Maduro, ¿para qué?

Por Simón S. Doncel para El 7
Hay una palabra que está presente en la vida de todos: madurar. Es pasar de una etapa a otra, abandonar ciertos comportamientos y asumir otros.
Eso era, precisamente, lo que muchos esperaban de Venezuela cuando la Fuerza Delta del Ejército de Estados Unidos capturó a Nicolás Maduro a comienzos de 2026.
Madurar era superar a Maduro. Dejar atrás al hombre que encarnaba la destrucción de Venezuela, la represión y el fracaso del chavismo.
Pero Maduro salió de escena y el chavismo no.
El sistema que construyó con Hugo CHávez sigue ahí. Y entonces aparece la pregunta que da título a esta columna:
Maduro, ¿para qué?
Durante años, el chavismo usó al antiimperialismo como el centro de su identidad política. Venezuela no podía depender de Estados Unidos, pero sí podía entregar petróleo a Cuba, financiar alianzas con Rusia o endeudarse con China.
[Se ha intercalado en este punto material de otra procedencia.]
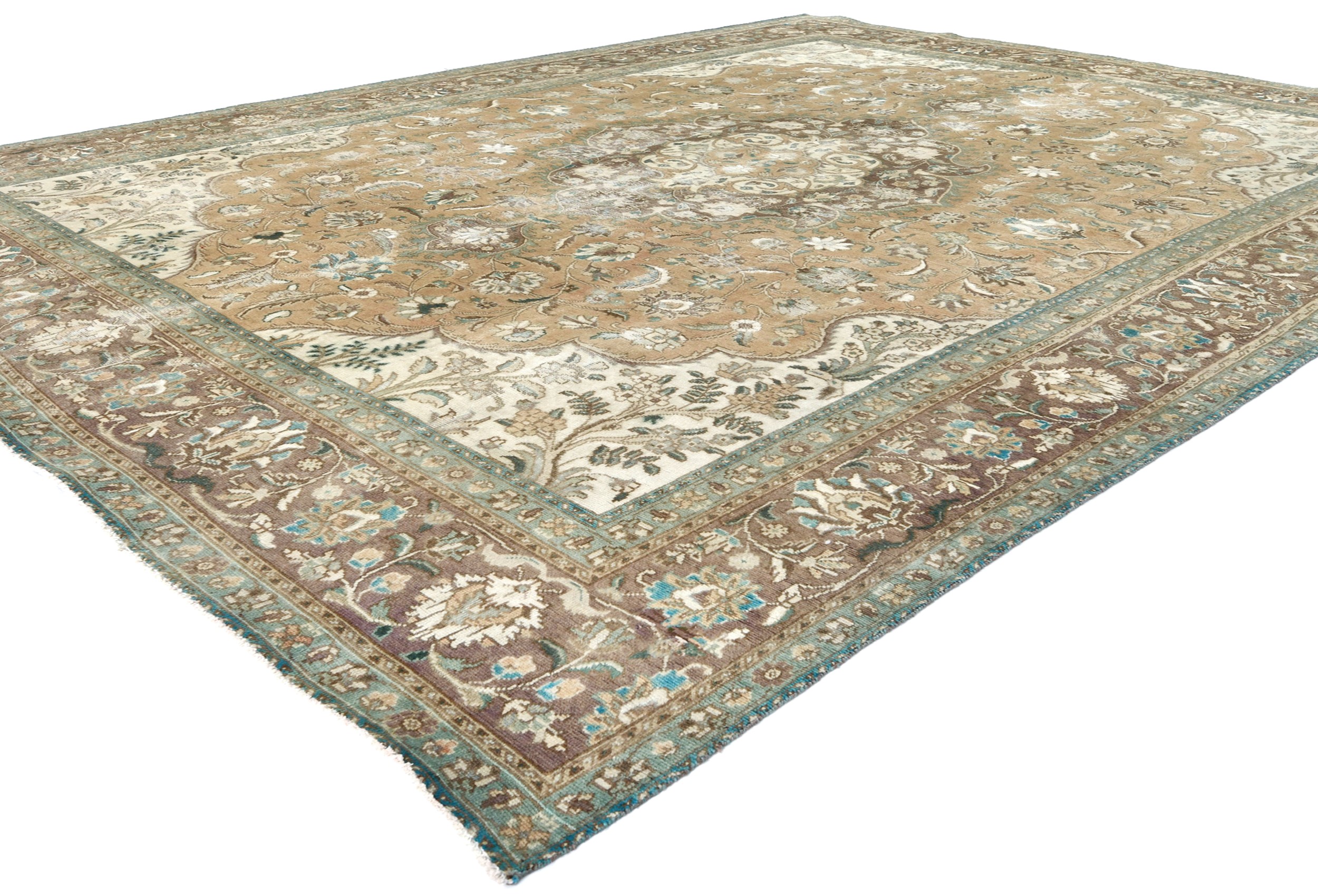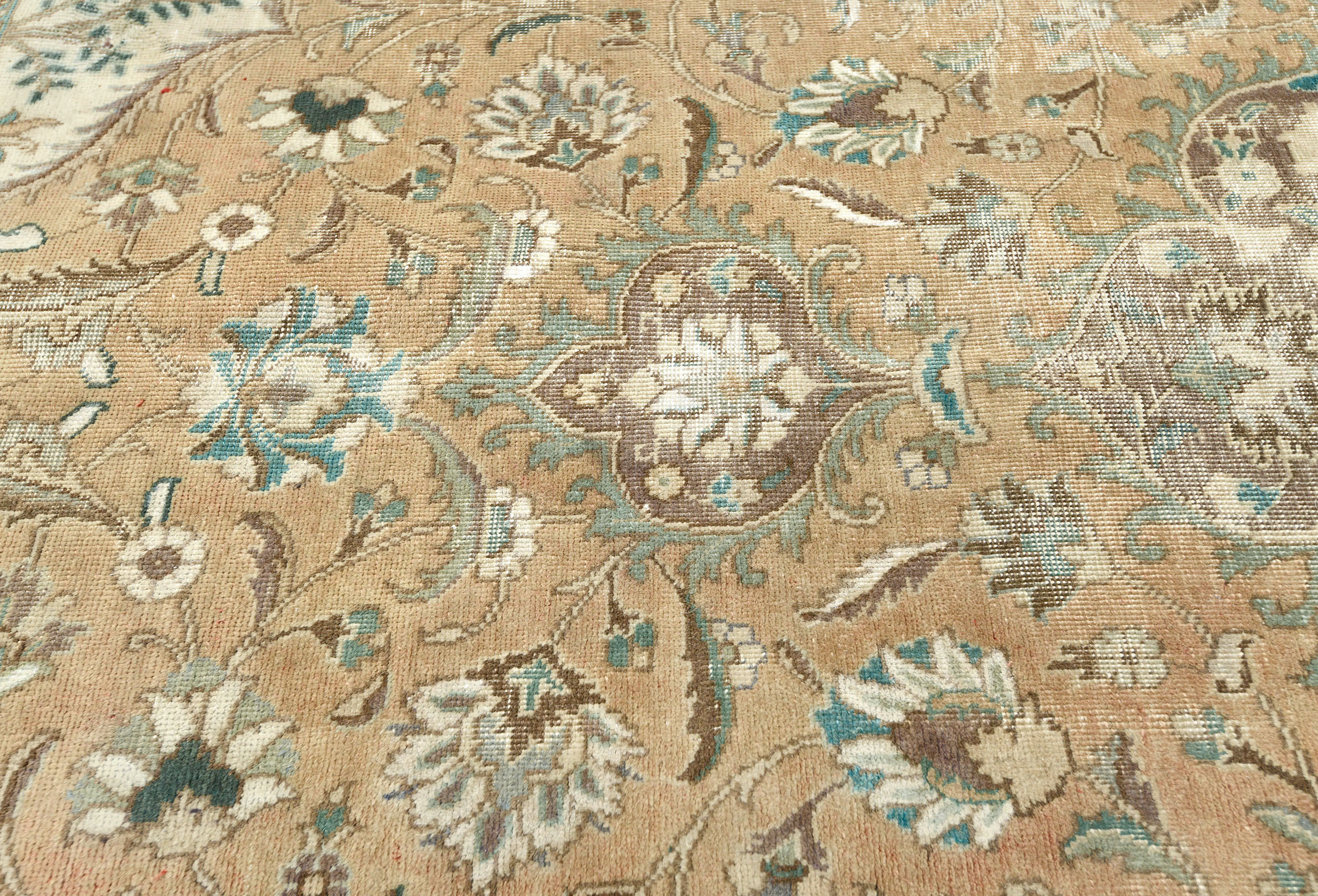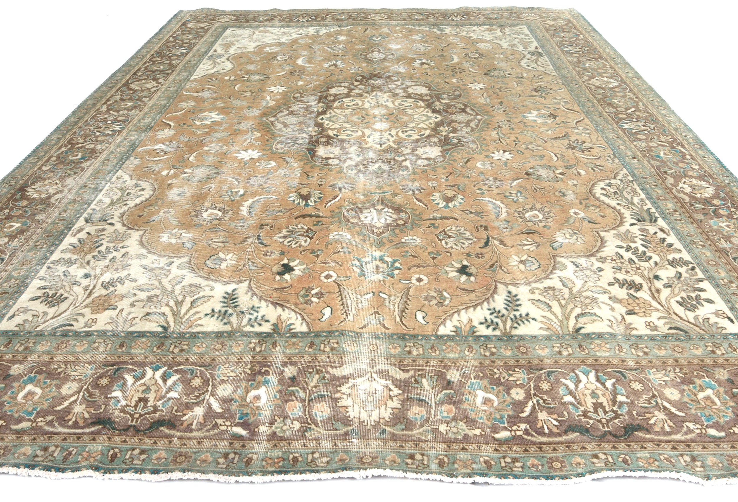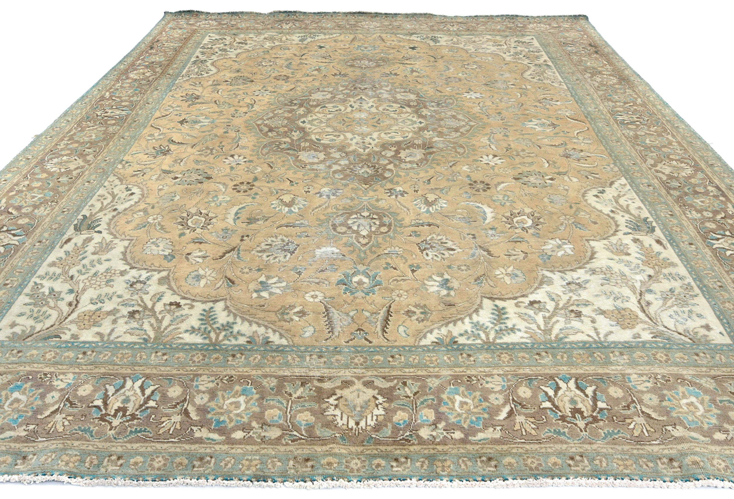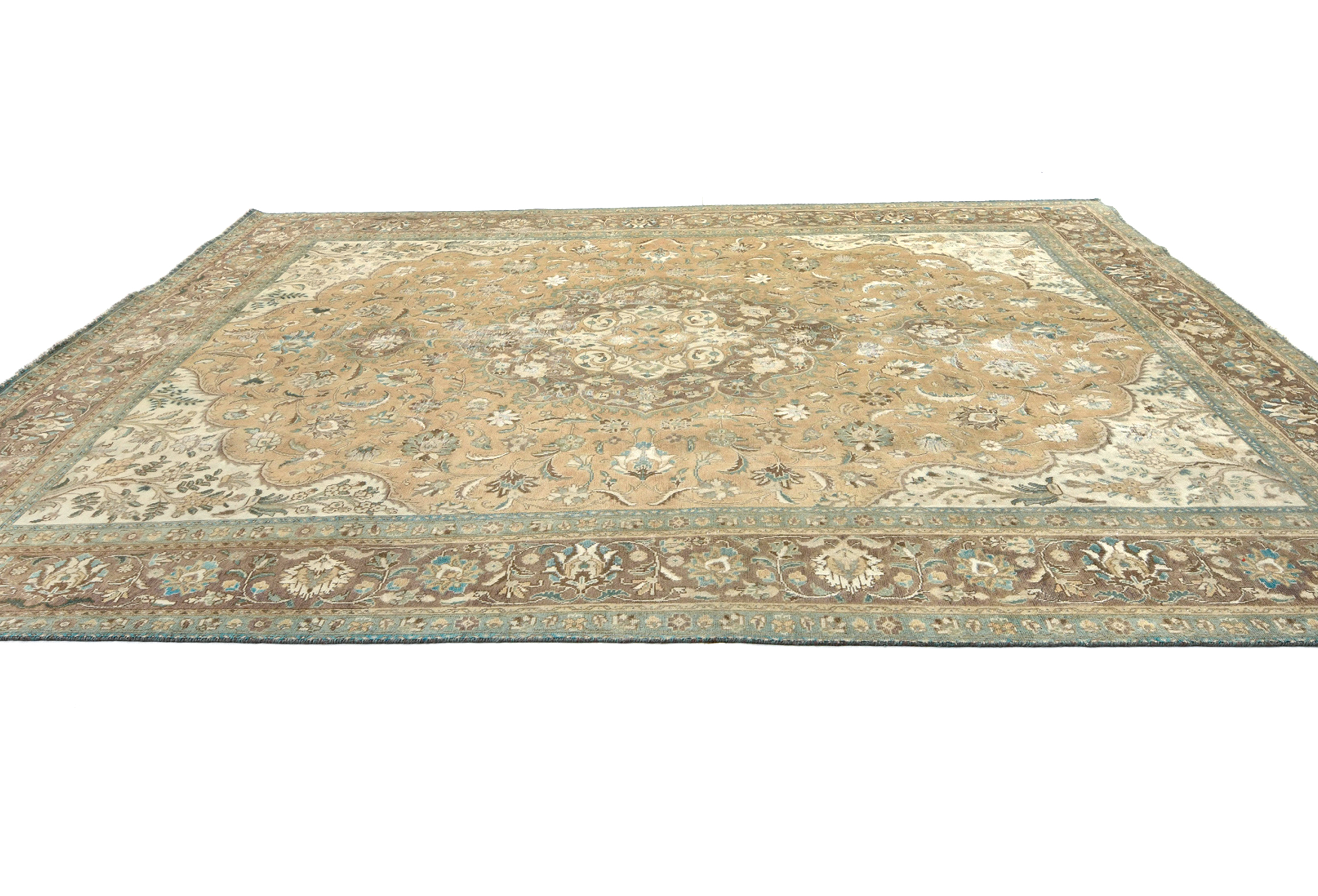 This authentic 10X13 beige vintage Persian rug was finely knotted by the hands of weavers influenced by a variety of amazing artistic designs, to recreate the aged look of the exceptional piece with a richness of color and embellished floral background field. What set this traditional Oriental area rug from the others are the material and dye used (wool pile and cotton foundation), knot count, antique designs, fantastic grades, and its regional historical connection: it has deep roots, from the story of the people who produced it to the meaning of the symbols and colors displayed across its canvas that have been praised for centuries. This classic home décor carpet will be completely cozy and inviting that never will go out of style! Also, this Oriental rug would be among your most valuable treasures, it is a great investment that increase in value over time, and it will last a lifetime because was woven with high-quality, all-natural wool; it won’t rip, tear, or shed. Eco-friendly, opulent yet affordable; this Persian rug will give you an extra pop of character to help define your home environment with luxury and warmth that will capture the eyes and attention of your audience (homeowners, designers, decorators, family and friends). RT-6212

Todos tres con regímenes dictatoriales, pero aquello tenía otro nombre: soberanía, solidaridad revolucionaria, multipolaridad.
El petróleo era también una moneda de cambio. Servía para comprar armas, conseguir respaldo diplomático y mantener aliados como el régimen cubano.
Ahora el socio es Estados Unidos.
Y ahí aparece la contradicción que debería incomodar, sobre todo, a quienes colocaron al chavismo en un pedestal para la izquierda latinoamericana. El proyecto que prometía derrotar al imperialismo bajo las falsas banderas del bolivarianismo termina negociando con Washington y entregándose a Trump. El régimen que durante años acusó a Estados Unidos de querer quedarse con los recursos naturales venezolanos ahora le abre la puerta para utilizarlos.
¿Qué cambió?
El problema nunca fue entregar el petróleo. El problema era a quién.
De ahí sale el verdadero fracaso ideológico del chavismo: después de tantos discursos sobre soberanía, terminó demostrando que su principio más sólido no era el antiimperialismo, sino la supervivencia.
Una revolución capaz de actualizar el discurso cuando cambia el comprador. ¿Hoy se vale usar el término de McChavista?
Pero Estados Unidos tampoco está actuando por altruismo. Venezuela y Panamá (en el caso del control del Canal) muestran a un Washington decidido a ampliar su influencia en el hemisferio y a reducir el espacio de competidores como China y Rusia. Es una versión con esteroides de la Doctrina Monroe.
Estados Unidos hace lo que hacen las potencias desde siempre. China lo hace. Rusia lo hace. Y el chavismo, cuando pudo, también lo hizo dentro de su propia esfera regional y caribeña.
Por eso la discusión no debería ser solamente quién tiene el petróleo. Debería ser por qué una misma conducta cambia de nombre dependiendo de quién la ejecuta y a nombre de quién la ejecuta.
Si el petróleo termina en manos de Estados Unidos, ¿es imperialismo? ¿Y si termina en manos de China, es soberanía? ¿Si financia a Cuba es solidaridad revolucionaria? ¿Si financia a Washington es traición?
Los crímenes del chavismo siguen ahí y por ahora… seguirán ocurriendo.
Después de tantos años, quizá ya sea hora de madurar. De entender que hasta el chavismo puede tener al Yankee de amigo.
Maduro, ¿para qué? Para descubrir que el régimen podía cambiar de jefe, de aliado y hasta de enemigo, pero nunca de objetivo: seguir ahí enchufado.